Durch den Rückzug der Bürger der Mittelschicht aus den Städten in die Vororte kam es zunächst zur Abnahme der Bewohnerdichte in den Innenstädten, was durch die Renaissance der Beliebtheit bei einigen Bevölkerungsschichten, die einen größeren Wohnraumbedarf aufweisen, noch verschärft wird. Nichtsdestotrotz ist eine steigende Nachfrage, die zum Teil nicht gedeckt werden kann, in den Innenstädten zu beobachten. Zahlungskräftige Haushalte drängen zurück in die Innenstädte, da sie von Suburbia aus den verschiedensten Gründen wie beispielsweise vom täglichen Stau auf den Zubringerstraßen und einer fehlenden wohnortnahen Infrastruktur enttäuscht worden sind. In diesem Zusammenhang wird oft von Gentrification gesprochen. Dies bedeutet die Vertreibung von angestammten Bewohnern der von Altbau geprägten Kernstadt durch die Yuppies (Young Urban Professionals) der Mittel- und Oberschicht und ist in der Stadtentwicklungspolitik nicht unumstritten35.

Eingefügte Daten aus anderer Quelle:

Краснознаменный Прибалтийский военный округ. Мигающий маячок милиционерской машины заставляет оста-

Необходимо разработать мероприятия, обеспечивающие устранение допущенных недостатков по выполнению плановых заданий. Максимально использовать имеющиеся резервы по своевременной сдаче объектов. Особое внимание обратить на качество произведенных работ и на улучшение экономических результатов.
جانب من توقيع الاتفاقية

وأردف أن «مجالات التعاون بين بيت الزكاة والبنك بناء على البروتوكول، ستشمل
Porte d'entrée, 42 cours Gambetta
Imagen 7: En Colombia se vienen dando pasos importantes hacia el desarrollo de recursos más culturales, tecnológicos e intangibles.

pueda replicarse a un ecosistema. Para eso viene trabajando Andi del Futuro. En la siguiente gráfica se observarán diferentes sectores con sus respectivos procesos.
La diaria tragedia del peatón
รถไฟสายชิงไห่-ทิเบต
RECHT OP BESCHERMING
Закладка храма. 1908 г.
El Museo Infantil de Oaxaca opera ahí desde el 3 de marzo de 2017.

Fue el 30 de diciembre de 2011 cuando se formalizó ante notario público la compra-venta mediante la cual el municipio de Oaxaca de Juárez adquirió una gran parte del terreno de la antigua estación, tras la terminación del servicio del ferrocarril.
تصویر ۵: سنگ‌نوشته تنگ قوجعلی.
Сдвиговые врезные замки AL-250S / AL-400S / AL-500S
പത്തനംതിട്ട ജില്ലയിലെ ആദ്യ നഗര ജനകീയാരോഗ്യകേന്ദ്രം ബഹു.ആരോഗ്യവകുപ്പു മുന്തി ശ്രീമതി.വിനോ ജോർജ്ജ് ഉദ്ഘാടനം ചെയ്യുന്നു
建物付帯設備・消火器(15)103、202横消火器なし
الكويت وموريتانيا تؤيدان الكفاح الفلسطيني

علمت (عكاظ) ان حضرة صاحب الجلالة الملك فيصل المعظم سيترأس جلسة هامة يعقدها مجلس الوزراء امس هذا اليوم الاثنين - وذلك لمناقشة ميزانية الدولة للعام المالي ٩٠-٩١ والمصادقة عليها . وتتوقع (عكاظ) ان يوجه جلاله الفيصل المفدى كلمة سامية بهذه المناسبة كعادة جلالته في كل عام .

Der Vorteil der suburbanen Räume hingegen liegt in der Möglichkeit der Verwirklichung der eigenen Wohnwünsche, was in integrierten Lagen kaum möglich ist. In diesem Zusammenhang sind die im letzten halben Jahrhundert in Deutschland enorm angestiegene Wohnfläche und Eigentumsquote36 als zwiespältiger Erfolg anzusehen, denn die Ausweitung des privaten Eigentums hat den größten Teil zur Suburbanisierung beigetragen37.

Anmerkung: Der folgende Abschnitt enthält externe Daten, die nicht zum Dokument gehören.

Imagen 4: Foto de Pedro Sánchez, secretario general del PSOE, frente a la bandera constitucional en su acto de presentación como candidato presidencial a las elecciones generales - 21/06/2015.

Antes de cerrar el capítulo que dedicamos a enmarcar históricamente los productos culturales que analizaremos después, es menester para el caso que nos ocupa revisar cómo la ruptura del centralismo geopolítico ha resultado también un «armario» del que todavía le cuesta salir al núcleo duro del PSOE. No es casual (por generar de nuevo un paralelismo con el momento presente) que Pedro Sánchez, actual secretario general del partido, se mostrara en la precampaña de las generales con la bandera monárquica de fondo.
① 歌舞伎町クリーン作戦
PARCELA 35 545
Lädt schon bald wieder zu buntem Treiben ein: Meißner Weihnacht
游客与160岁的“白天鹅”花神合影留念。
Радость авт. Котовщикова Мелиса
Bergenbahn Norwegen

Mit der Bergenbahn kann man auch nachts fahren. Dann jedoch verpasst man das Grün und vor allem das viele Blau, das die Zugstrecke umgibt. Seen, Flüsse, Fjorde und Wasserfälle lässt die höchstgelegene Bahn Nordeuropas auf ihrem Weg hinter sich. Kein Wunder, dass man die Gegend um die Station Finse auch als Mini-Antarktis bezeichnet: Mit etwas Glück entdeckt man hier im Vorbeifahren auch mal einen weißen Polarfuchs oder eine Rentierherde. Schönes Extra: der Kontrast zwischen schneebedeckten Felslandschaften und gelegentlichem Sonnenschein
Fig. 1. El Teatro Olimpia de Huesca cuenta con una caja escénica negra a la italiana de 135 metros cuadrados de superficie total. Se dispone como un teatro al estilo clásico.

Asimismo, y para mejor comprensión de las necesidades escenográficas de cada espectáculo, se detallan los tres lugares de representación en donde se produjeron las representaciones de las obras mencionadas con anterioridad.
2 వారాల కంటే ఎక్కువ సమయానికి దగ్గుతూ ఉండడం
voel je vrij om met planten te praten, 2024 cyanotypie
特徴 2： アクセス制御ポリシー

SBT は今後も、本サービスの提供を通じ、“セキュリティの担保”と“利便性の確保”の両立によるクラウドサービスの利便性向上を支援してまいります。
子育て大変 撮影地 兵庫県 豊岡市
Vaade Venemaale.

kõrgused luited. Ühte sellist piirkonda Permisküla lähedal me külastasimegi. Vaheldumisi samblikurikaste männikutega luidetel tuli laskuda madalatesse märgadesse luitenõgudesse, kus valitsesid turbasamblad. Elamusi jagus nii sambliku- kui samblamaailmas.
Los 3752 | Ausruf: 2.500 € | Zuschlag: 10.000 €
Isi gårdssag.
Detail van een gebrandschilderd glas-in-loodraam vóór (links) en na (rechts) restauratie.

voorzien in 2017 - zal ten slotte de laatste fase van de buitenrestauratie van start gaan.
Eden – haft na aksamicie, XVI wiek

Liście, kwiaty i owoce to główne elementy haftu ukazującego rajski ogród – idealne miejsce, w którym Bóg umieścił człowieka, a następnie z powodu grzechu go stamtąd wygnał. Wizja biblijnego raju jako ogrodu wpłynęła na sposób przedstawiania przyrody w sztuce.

Festzuhalten bleiben demnach drei Hauptursachen für den Abwanderungsprozess: zum Einen das Preisgefälle von den Kernstädten zur Peripherie, zum Anderen das fehlende Baulandangebot in den Kommunen und zuletzt fehlende Qualitäten im Bestand und öffentlichen Raum38.
Folgende Konsequenzen haben die beschriebenen Entwicklungen für den Wohnungsmarkt: da die Wohnungsmärkte nicht an den Kommunalgrenzen aufhören, wird in immer mehr regionalen Märkten ein Angebotsüberschuss zu verzeichnen sein. Weil die Mieter inzwischen Wahlmöglichkeiten bei der Wohnungssuche haben, werden die nicht den Anforderungen entsprechenden Einheiten mit Leerständen abgestraft. Besonders stark wird dies die Massenbestände treffen. Trotzdem wird mit den Nischentrends der Neubau auch in gesättigten Märkten eine gute Chance haben. Da sich die Nachfrage ständig stärker nach sozialer Schichtzugehörigkeit und Wertorientierung ausdifferenziert, wird sich das Angebot verschieden gestalten müssen39.
In diesem Abschnitt geht es um die Veränderungen, die sich in den verschiedenen Lebensstilen ausdrücken. Es ist zu beachten, dass es nicht mehr wie früher nur die Gruppen Alleinstehende, Familie mit Kindern und Ältere, sondern eine erhebliche Anzahl von Nischengruppen gibt, die sich schwer einer übergeordneten Einheit zuordnen lassen. Das oft zitierte „Schubladendenken“ geht mittlerweile an der Realität vorbei und auch die Wohnungen lassen sich nicht mehr pauschal für nur drei Nachfragegruppen anbieten, sondern müssen die Ansprüche gewisser Lebensstilgruppen befriedigen können40.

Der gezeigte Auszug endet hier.